VUELVA USTED MAÑANA

Por el derecho a la vida

No comprendo que poner fin a una vida, aunque sea en ciernes, pueda ser reivindicado como un bien, como un imposible derecho que deba ser promovido evitando todo obstáculo a su ejecución.

Tampoco que los políticos se conviertan en dioses y decidan que el sexo, biológico, puede ser alterado por el mero hecho de sentirse subjetivamente distinto, sin que concurran motivos que lo justifiquen. Solo la voluntad contra el hecho natural que no viene determinado por el querer, sino por el ser.

Muchos dirán que estas ideas son retrógradas, que son propias de un catolicismo caduco y reaccionario. Me resulta indiferente lo que digan. No tengo ya edad para limitar mis pensamientos y palabras por el qué dirán los predicadores de verdades irrefutables. Lo único que no me perdonaría sería restringir mi libertad y presentarme con rubor y vergüenza antes ustedes acobardado por el miedo.

Nunca podré entender, seguramente por haberme educado en un modelo de principios que no son simples especulaciones, sino racionalmente acreditados en su eficacia para el desarrollo de la personalidad y la sociedad, que la opción por la vida sea reaccionaria y que la muerte sea una aspiración democrática, un avance y un progreso político.

Considerar el aborto un bien choca con las bases de una sociedad humanista y se opone frontalmente a una libertad que no es ni puede ser ilimitada si se quiere preservar ese modelo secular. Matar y el aborto es poner fin a una vida, impedirla, cortarla en su mismo nacimiento, no es un avance social, ni personal. Aceptar ciertas excepciones cuando estén justificadas y previo agotamiento de todas las posibilidades y recursos, podría ser asumido como solución extraordinaria, si concurren otras circunstancias, nunca un plazo que solo es eso, un plazo para poner fin a una vida.
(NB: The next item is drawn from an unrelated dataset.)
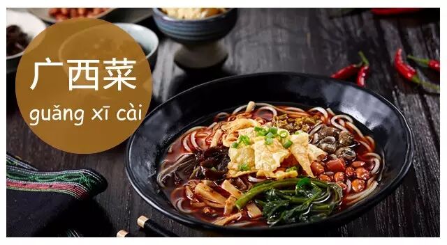 广西自古以来官宦商旅云集,因而广西菜(桂菜)的饮食习惯兼收并蓄了粤、川、湘、浙、赣、闽等地方菜肴的特点,广西菜味道鲜香、微辣酸甜,非常开胃,这一特点在广西的传统名点螺蛳粉中有集中的体现。

Pero preferir la muerte y prohibir que pueda ser evitada o poner trabas a la vida, muestra y pone ante nuestros ojos una evidente decadencia moral de una sociedad consumista en la que el ser humano se va desvaneciendo en favor de un ente social, difuso y subordinado a intereses generales, egoísta, ególatra e insolidario con los más débiles, a los que prefiere excluir incluso antes de nacer.

El aborto no es un derecho, en el sentido de derecho fundamental, pues es la vida el derecho reconocido. No puede ser derecho fundamental lo que no solo restringe, sino que anula el contenido esencial del derecho: la vida. Que la ley lo autorice en situaciones determinadas no supone que se constituya en un derecho. Es una excepción que el legislador puede restringir o incluso prohibir sin merma alguna de la Constitución. Al menos en una sociedad democrática en la que la vida es el bien superior y supremo. Idea, por otra parte, muy sencilla para cualquiera que vive y mucho más para quienes no creen en otra posterior.

El aborto, para cualquiera que mantenga un mínimo sentido de la ética de este mundo nuestro, es un mal, incluso un mal que puede ser autorizado legalmente en condiciones determinadas, pero nunca un objetivo loable. Poner límites a su evitación, no fomentar la vida, financiarlo en lugar de hacerlo a la vida, es demostración de cierta decadencia moral. Y esta decadencia se explica mejor cuando los llamados animalistas, que se consideran el paradigma de la bondad, protegen más la vida de los vertebrados, que la de un ser humano. En un caso se prohíbe toda actuación; en el otro, se fomenta el fin de la existencia antes de que el feto, desprotegido, pueda manifestar su voluntad. El consentimiento, tan manido, se obvia en un caso en el que ese consentimiento se traslada a quien acoge en su seno un ser vivo, a quien se estima dueño de su cuerpo y por ello de una vida con proyección de independencia.

Cambiar de sexo a voluntad, con plenos efectos jurídicos, es otra de la tendencia de este progresismo absurdo que el gobierno que padecemos tolera, sin explicar muy bien en qué modo se cohesiona su ley con los principios de una sociedad agitada por un cúmulo de despropósitos que carecen de orden y sistemática.

Que alguien, menor de edad, pueda decidir ser hombre o mujer por su sola decisión, difumina el sexo y su importancia y, a la vez, debilita la lucha del feminismo clásico, el que tanto hizo y le costó por una sociedad más libre e igualitaria. La noción de género, meramente legal y dependiente de la sola voluntad, rompe la de sexo y la necesidad de igualdad entre los dos que existen, porque ahí hay solo dos por razones biológicas. Sexo y género son cuestiones diferentes que no deben confundirse y lo estamos haciendo.

Alguien tendrá que poner un poco de orden en tanta algarabía y recuperar el sentido común, el sistema de valores que constituyen la base de nuestra sociedad. Siempre hubo de todo. Pero que determinadas ideas se impongan afectando los pilares de nuestra forma de ver y entender la vida, requiere de algo más que de cesión a la genialidad y las ansias de libertad de los liberticidas dueños del pensamiento único. Hacen ingeniería social, autoritaria y estamos cediendo en favor de nuestra esclavitud. Rompamos las cadenas antes de que nos ahoguemos en el fango de su caos.